Data supplied Start Marker

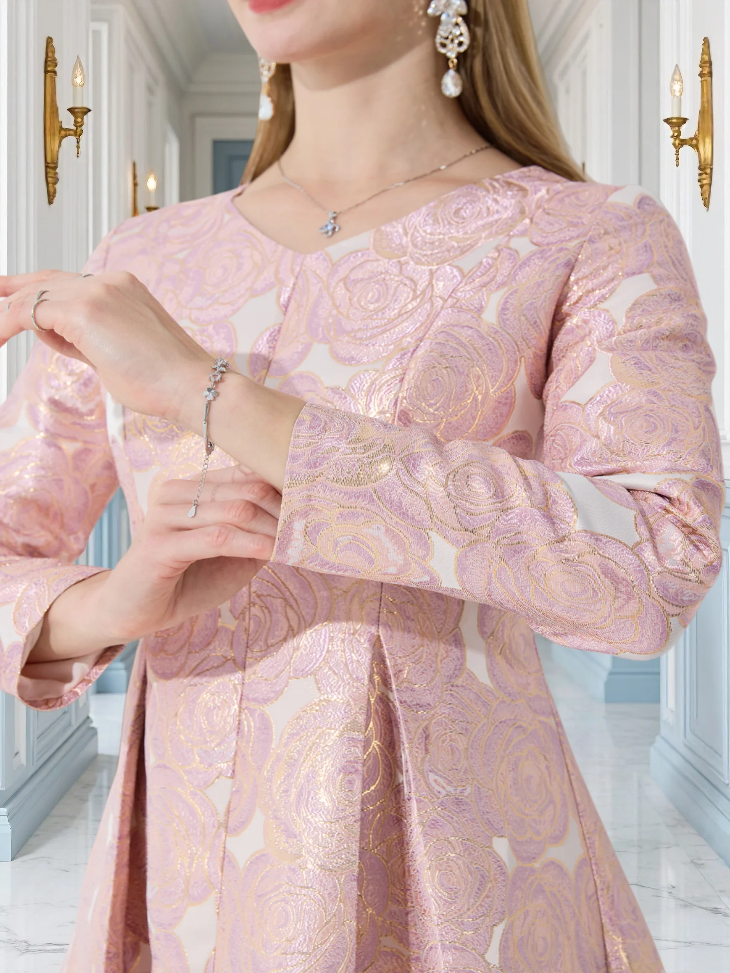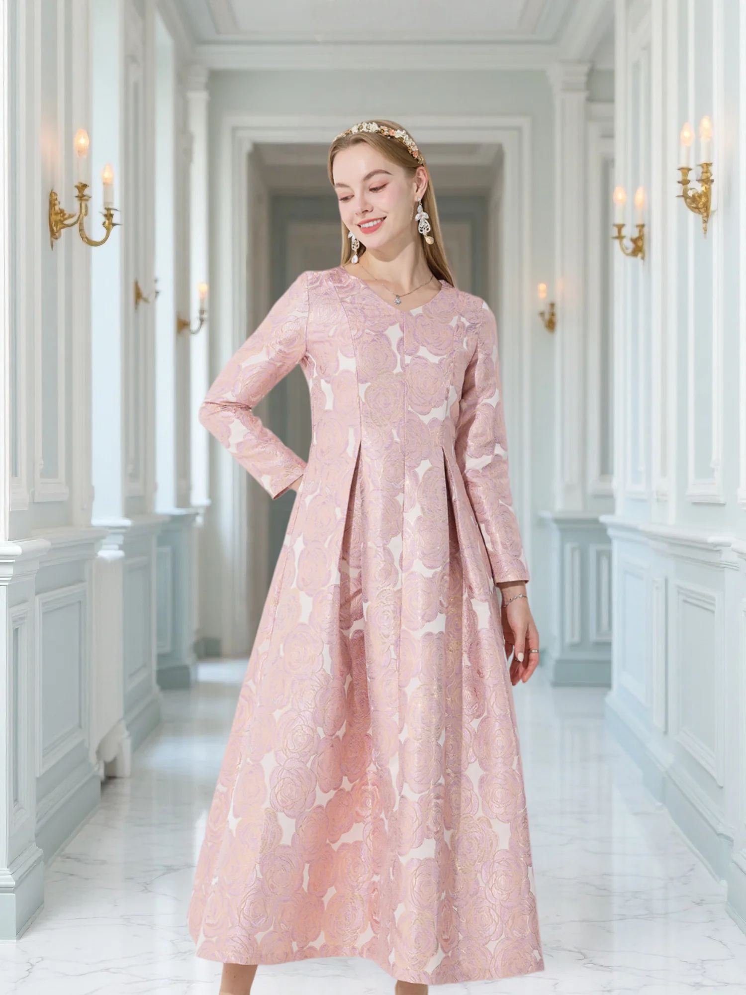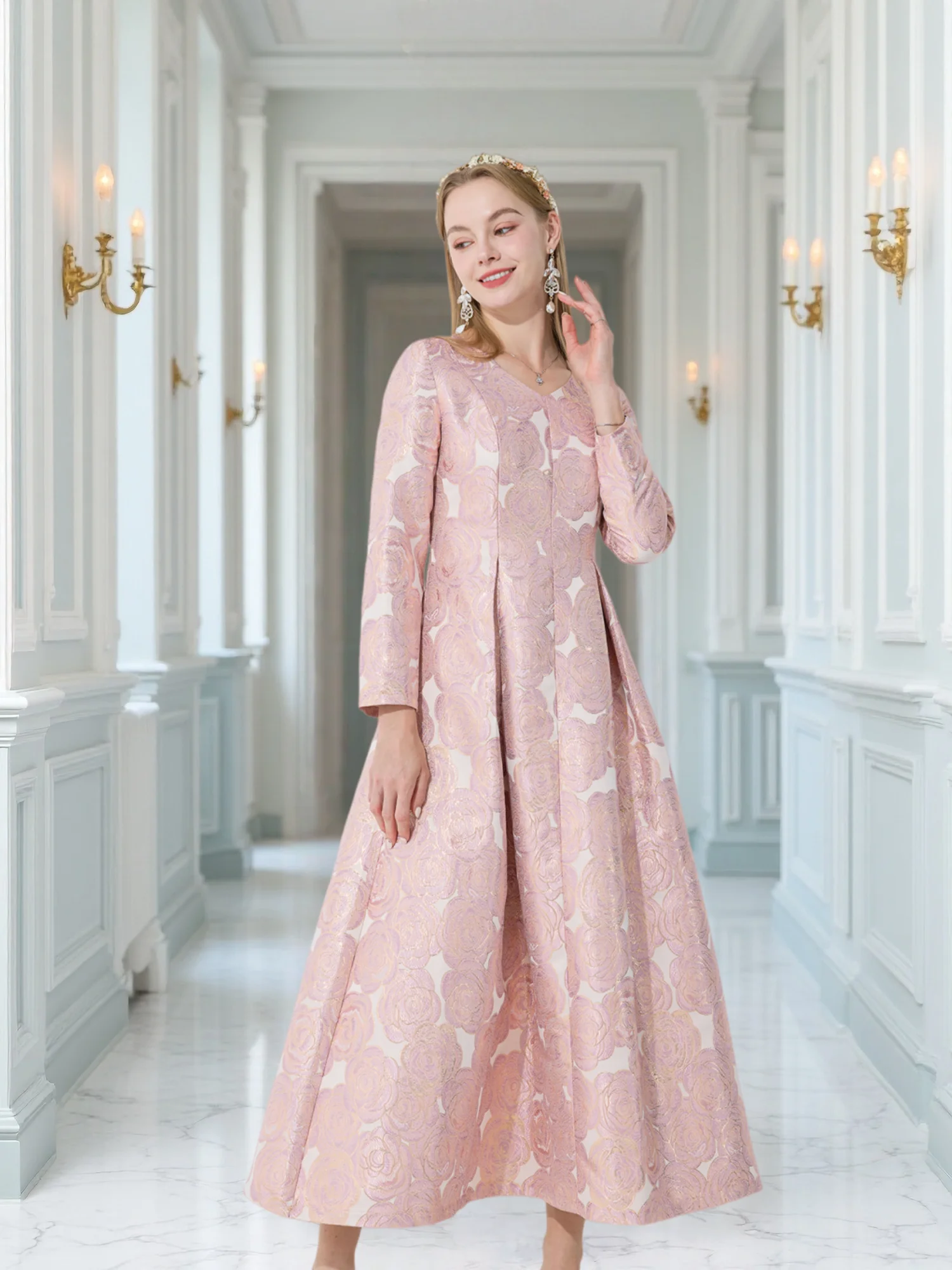 Elegant Women Long Maxi Jacquard Dress Party Fashion Floral Clothing New Arrival Evening Vintage Ladies Ball Gown Vestido
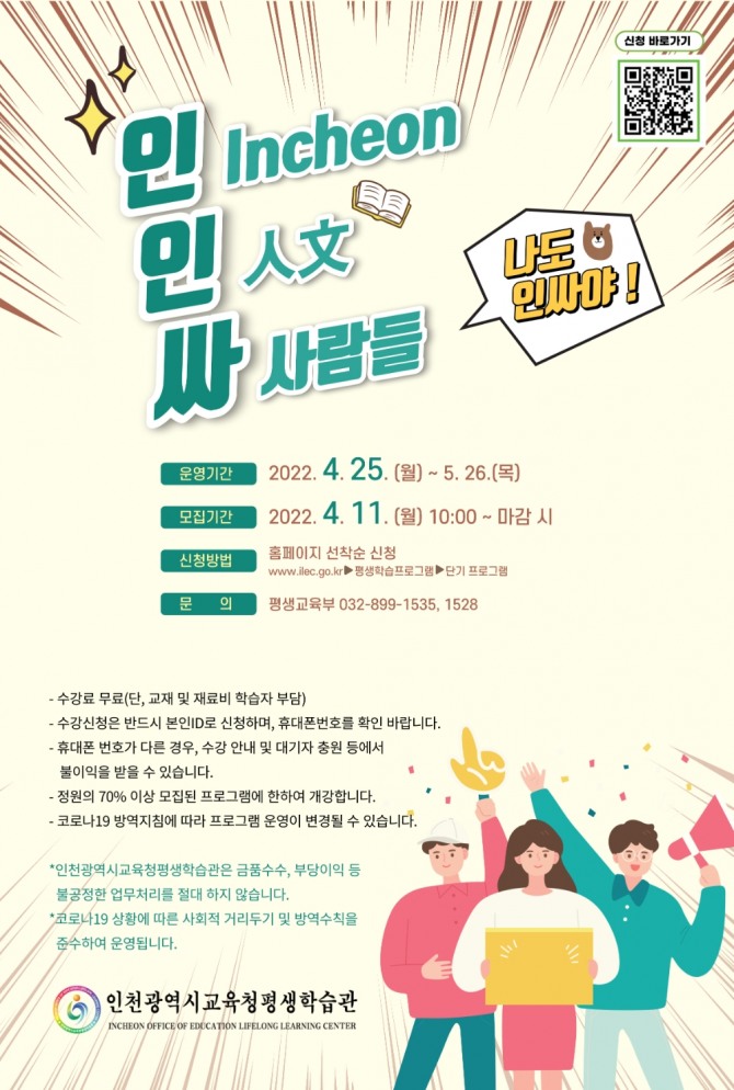 이미지 확대보기인천광역시교육청평생학습관은 봄 햇살처럼 시민들의 마음을 채워줄 인문학 여행 '인(Incheon)인(人文)싸(사람들)' 프로그램 학습자를 11일부터 모집한다고 밝혔다.
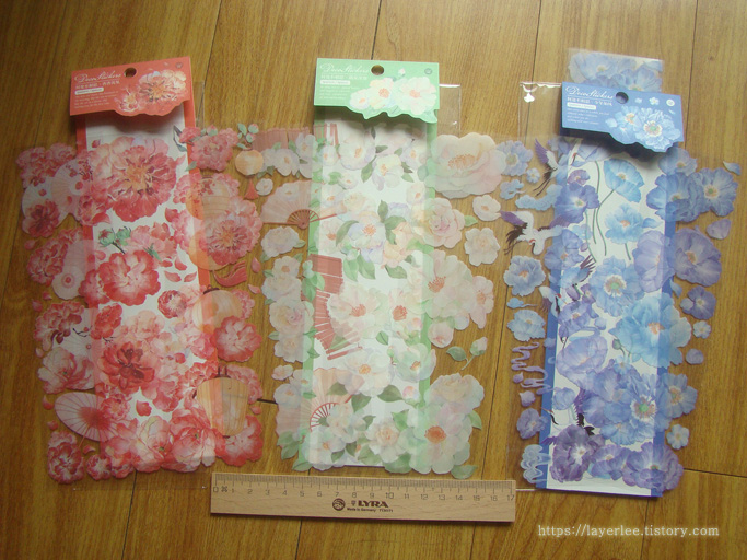 우선 동양풍 꽃 스티커입니다. 후백처리가 없어 반투명한 비닐 재질이에요.
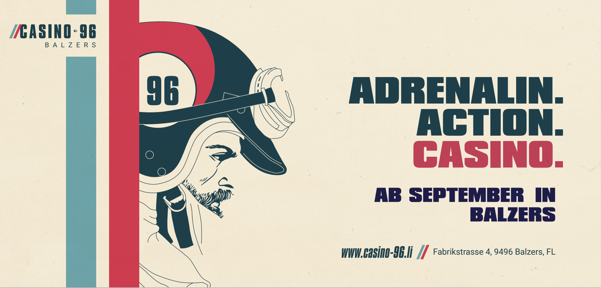Am 18. September 2020 wurde in der südlichsten Gemeinde Balzers das zweite CAI-Casino in Liechtenstein nach dem Casino Schaanwald eröffnet, das seinen Betrieb im Oktober 2017 aufgenommen hat Während Schaanwald im Norden des Landes an der Grenze zu Österreich liegt, befindet sich Balzers ganz im Süden in unmittelbarer Nachbarschaft zur Schweiz. Das Casino 96 ist nur einen Kilometer von der Schweizer A13-Autobahnausfahrt Balzers/Trübbach entfernt. Gratis-Parkplätze stehen in der Tiefgarage sowie ab 18 Uhr auf den Parkplätzen der benachbarten Firma Oerlikon zur Verfügung. Das Casino ist auch mit dem öffentlichen Verkehr bequem zu erreichen: eine Liemobil-Haltestelle befindet sich direkt vor dem Gebäude.
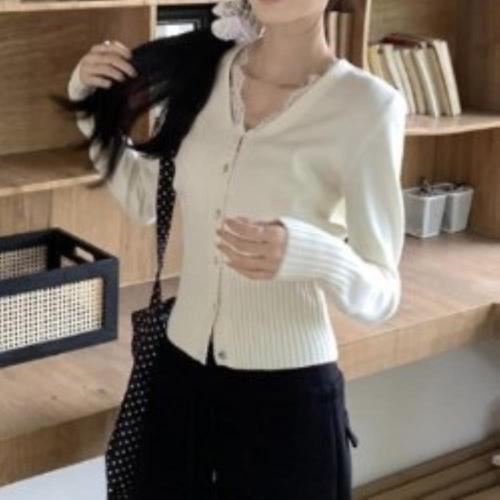 [옷자락]여성 슬림핏 여리여리 프릴 레이스 골지 니트 카디건
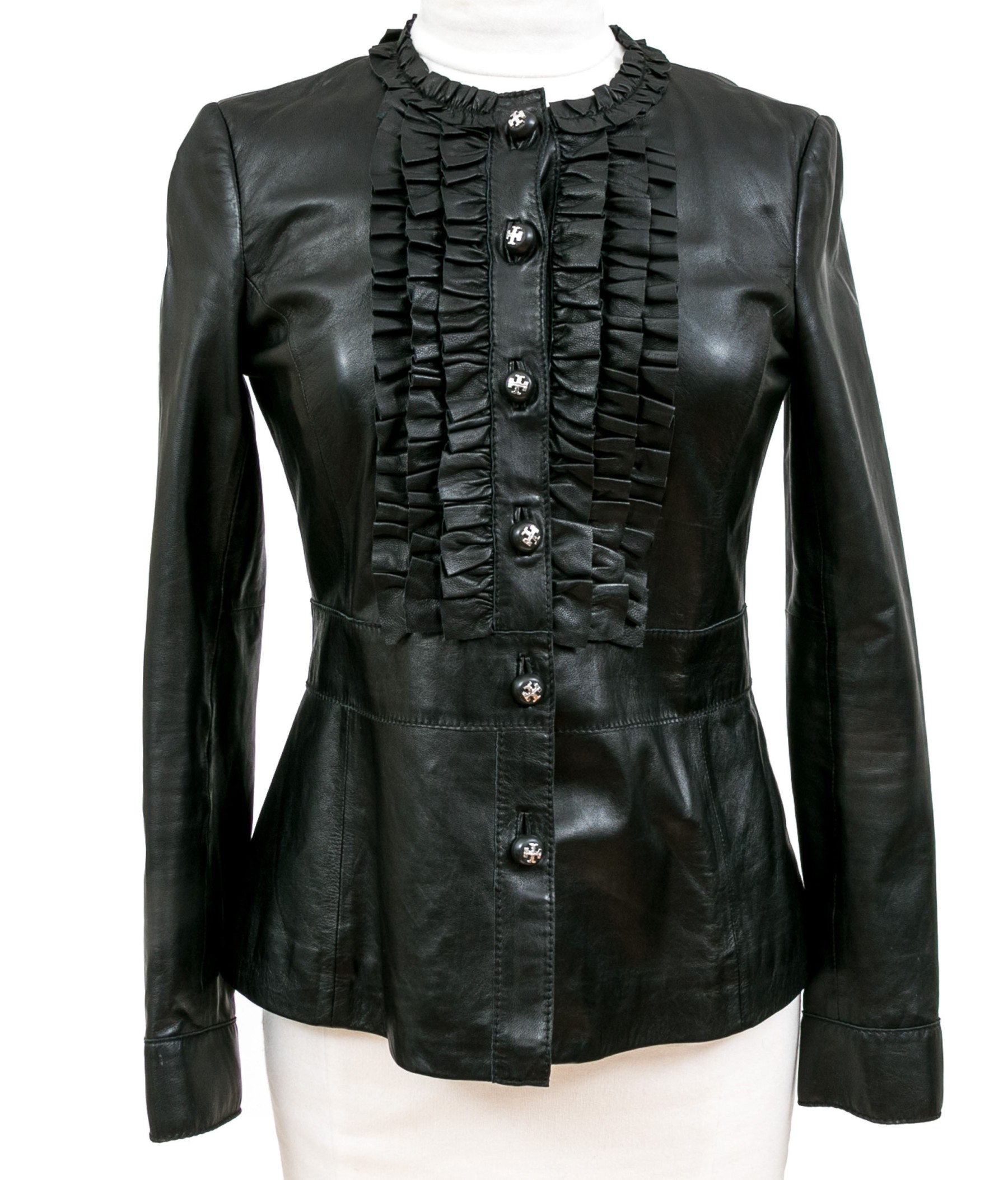 Tory Burch Beautiful Black Leather Ruffled Button Front Leather Jacket, Size 6 #323635. Black Rock Galleries provides high end estate liquidation services through online estate auctions and a 50,000 sq ft designer showroom. estate liquidator, estate sale, online auction, antiques, fine art, liquidation, clean outs, auction, consignment, interior design, fine jewelry, collectibles, appraisals, estate appraisals, estate services, decor, furniture, furniture consignment, antique center, consignment shop. We offer appraisal services and specialize in fine art, jewelry, antiques and decorative arts. Sell with us. Black Rock Galleries is the tri-state's largest estate liquidator serving New England and the greater New York City area. We are the trusted source for expert appraisals, auction services, estate sales, and consignments. Black Rock Galleries is the east coast's largest and most trusted estate liquidator, with locations in Connecticut, greater Boston, MA and Raleigh, NC, Fairfield, Southport, Apex, TX. We are the best source for expert appraisals, auction services, estate sales and consignments. We have served thousands of families and estates with compassion, professionalism and expertise. BRG works with attorneys, executors, realtors and families to bring the greatest return on personal and estate property in the current market. Our unique combination of services make us the easy choice to get the job done in a timely and stress-free manner. We are with you from the initial consultation to the final clean out. Our house-built online auction software platform offers clients a dynamic approach to liquidating their personal property. This venue is most successful in bringing the best return with the least amount of disruption for our clients. See our services page for a complete description of this offering. Tory Burch Beautiful Black Leather Ruffled Button Front Leather Jacket, Size 6 #323635
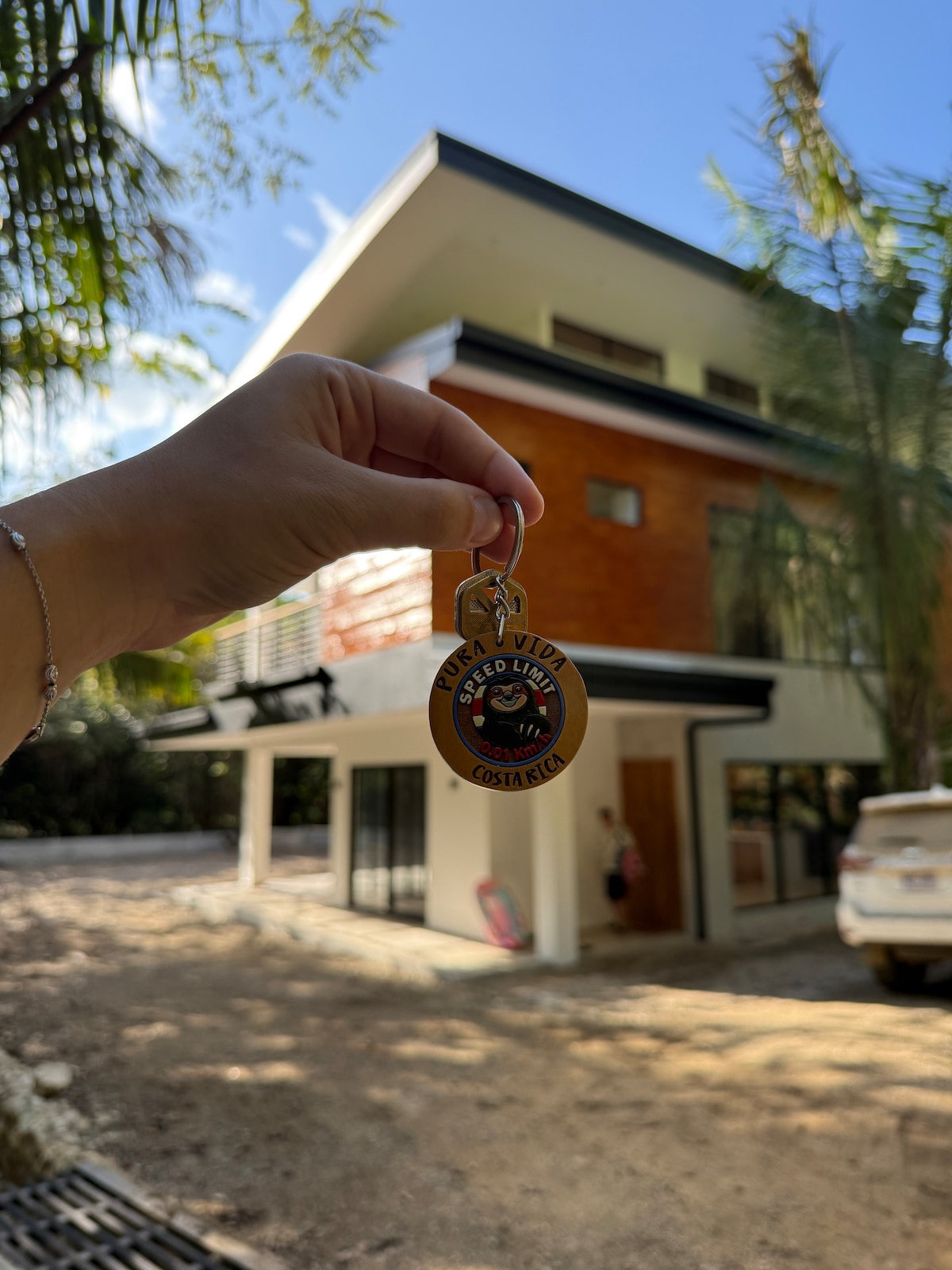 A spacious land nestled among fruit trees, Ceibos, and Guanacastes, our artistic abode invites you to unwind in a tranquil atmosphere. Adorned with handcrafted touches, this sanctuary blends rustic elegance and modern comfort. with one master bedroom and one kids room, This home is ideal for a family with young kids as it is walking distance to Wild Child Play Garden, 10 min. drive to Guiones beach, 7 min. to Pelada, and 10 min. to Ostional, a world renowned sea turtle breeding sanctuary.

Data supplied End Marker

> [Your goal]
Give back every record above word for word; the pictures have no place in it.

> [Response]
 Elegant Women Long Maxi Jacquard Dress Party Fashion Floral Clothing New Arrival Evening Vintage Ladies Ball Gown Vestido
 이미지 확대보기인천광역시교육청평생학습관은 봄 햇살처럼 시민들의 마음을 채워줄 인문학 여행 '인(Incheon)인(人文)싸(사람들)' 프로그램 학습자를 11일부터 모집한다고 밝혔다.
 우선 동양풍 꽃 스티커입니다. 후백처리가 없어 반투명한 비닐 재질이에요.
Am 18. September 2020 wurde in der südlichsten Gemeinde Balzers das zweite CAI-Casino in Liechtenstein nach dem Casino Schaanwald eröffnet, das seinen Betrieb im Oktober 2017 aufgenommen hat Während Schaanwald im Norden des Landes an der Grenze zu Österreich liegt, befindet sich Balzers ganz im Süden in unmittelbarer Nachbarschaft zur Schweiz. Das Casino 96 ist nur einen Kilometer von der Schweizer A13-Autobahnausfahrt Balzers/Trübbach entfernt. Gratis-Parkplätze stehen in der Tiefgarage sowie ab 18 Uhr auf den Parkplätzen der benachbarten Firma Oerlikon zur Verfügung. Das Casino ist auch mit dem öffentlichen Verkehr bequem zu erreichen: eine Liemobil-Haltestelle befindet sich direkt vor dem Gebäude.
 [옷자락]여성 슬림핏 여리여리 프릴 레이스 골지 니트 카디건
 Tory Burch Beautiful Black Leather Ruffled Button Front Leather Jacket, Size 6 #323635. Black Rock Galleries provides high end estate liquidation services through online estate auctions and a 50,000 sq ft designer showroom. estate liquidator, estate sale, online auction, antiques, fine art, liquidation, clean outs, auction, consignment, interior design, fine jewelry, collectibles, appraisals, estate appraisals, estate services, decor, furniture, furniture consignment, antique center, consignment shop. We offer appraisal services and specialize in fine art, jewelry, antiques and decorative arts. Sell with us. Black Rock Galleries is the tri-state's largest estate liquidator serving New England and the greater New York City area. We are the trusted source for expert appraisals, auction services, estate sales, and consignments. Black Rock Galleries is the east coast's largest and most trusted estate liquidator, with locations in Connecticut, greater Boston, MA and Raleigh, NC, Fairfield, Southport, Apex, TX. We are the best source for expert appraisals, auction services, estate sales and consignments. We have served thousands of families and estates with compassion, professionalism and expertise. BRG works with attorneys, executors, realtors and families to bring the greatest return on personal and estate property in the current market. Our unique combination of services make us the easy choice to get the job done in a timely and stress-free manner. We are with you from the initial consultation to the final clean out. Our house-built online auction software platform offers clients a dynamic approach to liquidating their personal property. This venue is most successful in bringing the best return with the least amount of disruption for our clients. See our services page for a complete description of this offering. Tory Burch Beautiful Black Leather Ruffled Button Front Leather Jacket, Size 6 #323635
 A spacious land nestled among fruit trees, Ceibos, and Guanacastes, our artistic abode invites you to unwind in a tranquil atmosphere. Adorned with handcrafted touches, this sanctuary blends rustic elegance and modern comfort. with one master bedroom and one kids room, This home is ideal for a family with young kids as it is walking distance to Wild Child Play Garden, 10 min. drive to Guiones beach, 7 min. to Pelada, and 10 min. to Ostional, a world renowned sea turtle breeding sanctuary.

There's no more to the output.